#### Introduction to Statistical Learning, Exercise 3.4

__Please do yourself a favour and only look at the solutions after you honestly tried to solve the exercises.__

# Simulated Data

We will simulate a data set and investigate how things change with varying parameters of the simulation. This allows us to evaluate our models against the simulation truth.
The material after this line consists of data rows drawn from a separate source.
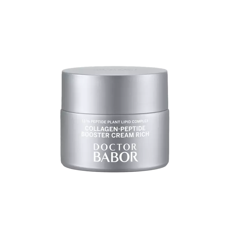 Die DOCTOR BABOR Collagen-Peptide Booster Cream Rich ist eine extra reichhaltige Anti-Age-Creme für trockene, anspruchsvolle Haut, die mehr Komfort und ein straffer wirkendes Hautbild sucht. Sie kombiniert einen Peptid-Pflanzen-Lipid-Komplex (13%) mit pflegenden Lipiden wie Squalan und Sheabutter, damit sich die Haut glatter, elastischer und besser „gepolstert“ anfühlt.
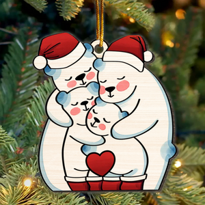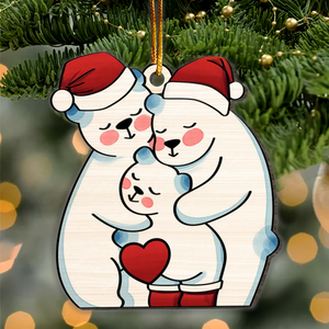 Personalized Wooden Bear Family Christmas Ornament, Gift For Family
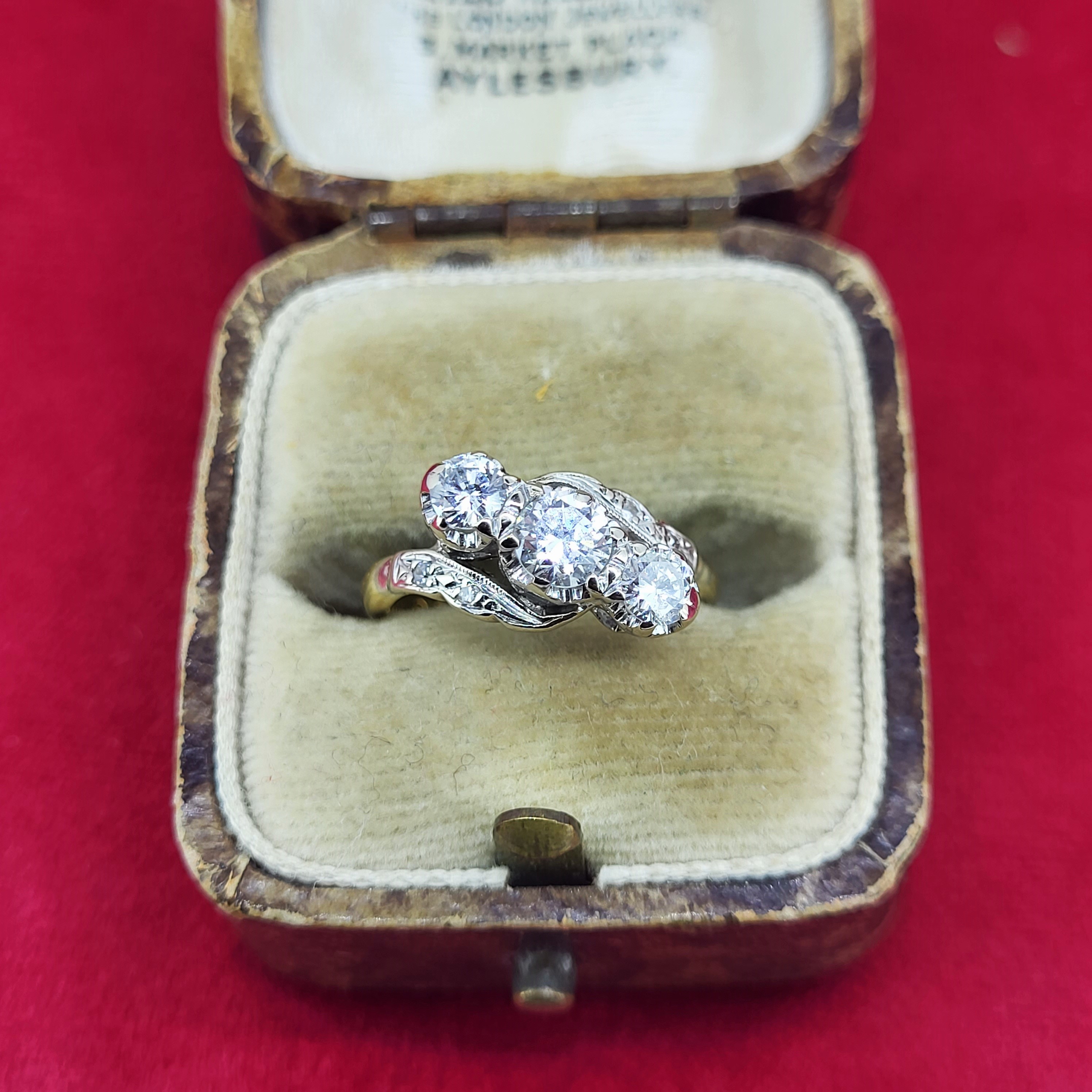 We are delighted to present this absolutely stunning Antique Trilogy Diamond Ring, crafted from 18ct Yellow Gold and Platinum.
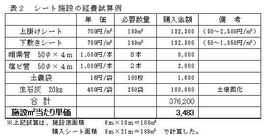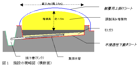 市販の不浸透性シートを利用した堆積施設(以下「シート施設」)は、発酵中途の堆肥や製品堆肥を貯蔵保管しておくストックヤードとして、補完的に利用するのに有効である。また、切り返し作業を行う、あるいは通気管を埋設することで、堆肥化を促進することが可能となり、堆肥化施設としても用いることができる。 |
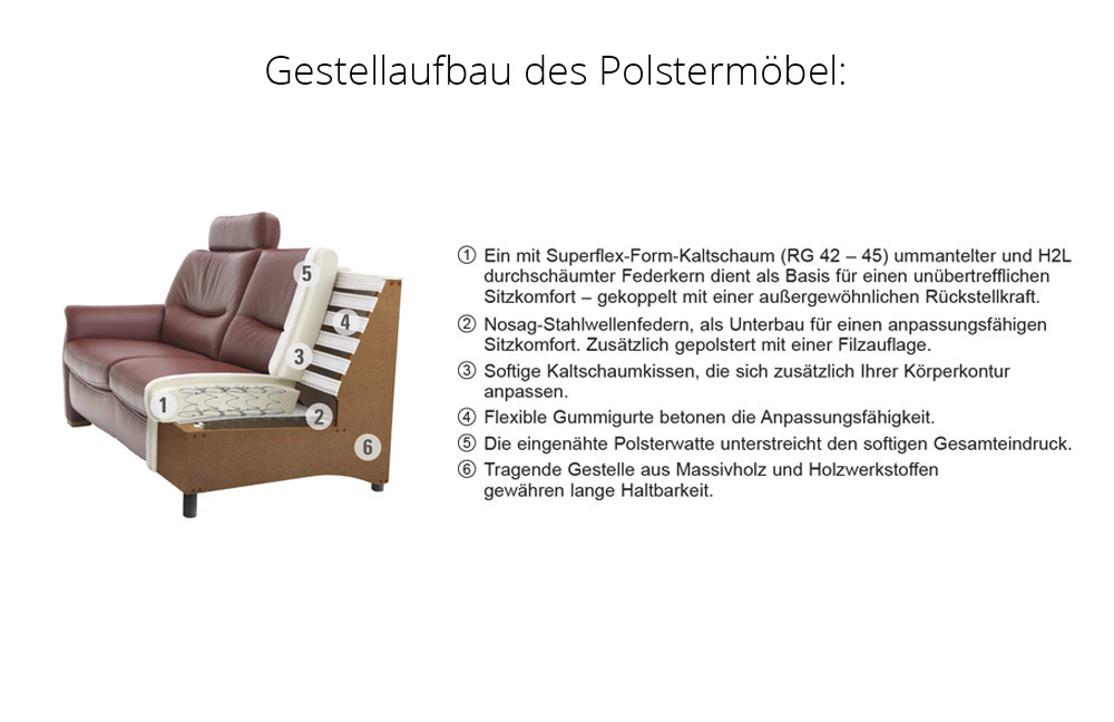 - Sitz: H2L - mit Superflex-Form-Kaltschaum ummantelter und durchgeschäumter Federkern auf Nosag-Stahlwellenfedern
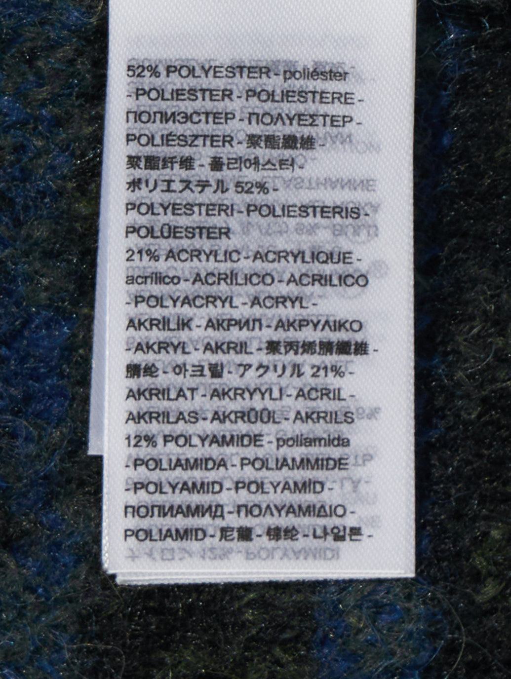 ・ポリエステル52%, アクリル21%, ナイロン12%, ウール6%, アルパカ6%, ポリウレタン3%
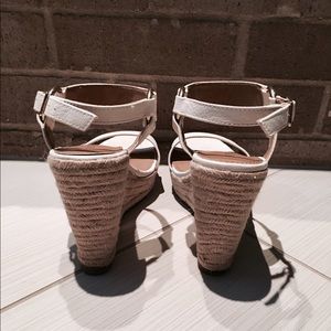4.5in white faux leather wedges with adjustable straps. Have hardly been worn and in great condition.

We will use `numpy`'s random generator facilities for the simulation. If you want reproducible results you should set the random seed explicitly like this at the beginning (the actual seed value does not matter):

```python
np.random.seed(seed=123)
```

 

In [None]:
import numpy as np
import pandas as pd
import matplotlib.pyplot as plt
import seaborn as sns
import statsmodels.api as sm
import statsmodels.formula.api as smf
from islpy import datasets, utils, lmplots
sns.set()
%matplotlib inline

### A. Simulate the Feature

Using the `np.random.normal()` function, create a a vector `x` containing a 100 observations drawn from a $N(0, 1)$ distribution. This represents the feature $X$.

In [None]:
np.random.seed(seed=123)  # we only need to do this once at the start
x = np.random.normal(size=100)
x

### B. Simulate the Noise

Using the `np.random.normal()` function, create a a vector `eps` containing a 100 observations drawn from a $N(0, 0.25)$ distribution. That is, a normal distribution with mean 0 and standard deviation 0.25. This represents the noise $\epsilon$.

In [None]:
eps = np.random.normal(0, 0.25, size=100)
eps

### C. Simulate the Response

Using the vectors `x` and `eps`, generate a vector `y` according to the following model:

$$ Y = -1 + 0.5 X + \epsilon $$

This represents the response $Y$. What is the length of the vector `y`? What are the values of $\beta_0$ and $\beta_1$ in this model?

In [None]:
y = -1 + 0.5 * x + eps 
y

In [None]:
y.size, y.shape[0]

$\beta_0 = -1$ and $\beta_1 = 0.5$

### D. Plot the y-x Relationship

Create a scatter plot of `y` versus `x`. Comment on what you observe.

In [None]:
ax = sns.scatterplot(x, y)

There is clearly a linear relationship in the simulated data. The simulated noise is also clearly visible.

### E. Linear Model Fit

Fit at least squares model to the data with `y` as the response and `x` as the predictor. Comment on what you observe. How are the estimated parameters $\hat{\beta}_0$ and $\hat{\beta}_1$ compare to the true values $\beta_0$ and $\beta_1$?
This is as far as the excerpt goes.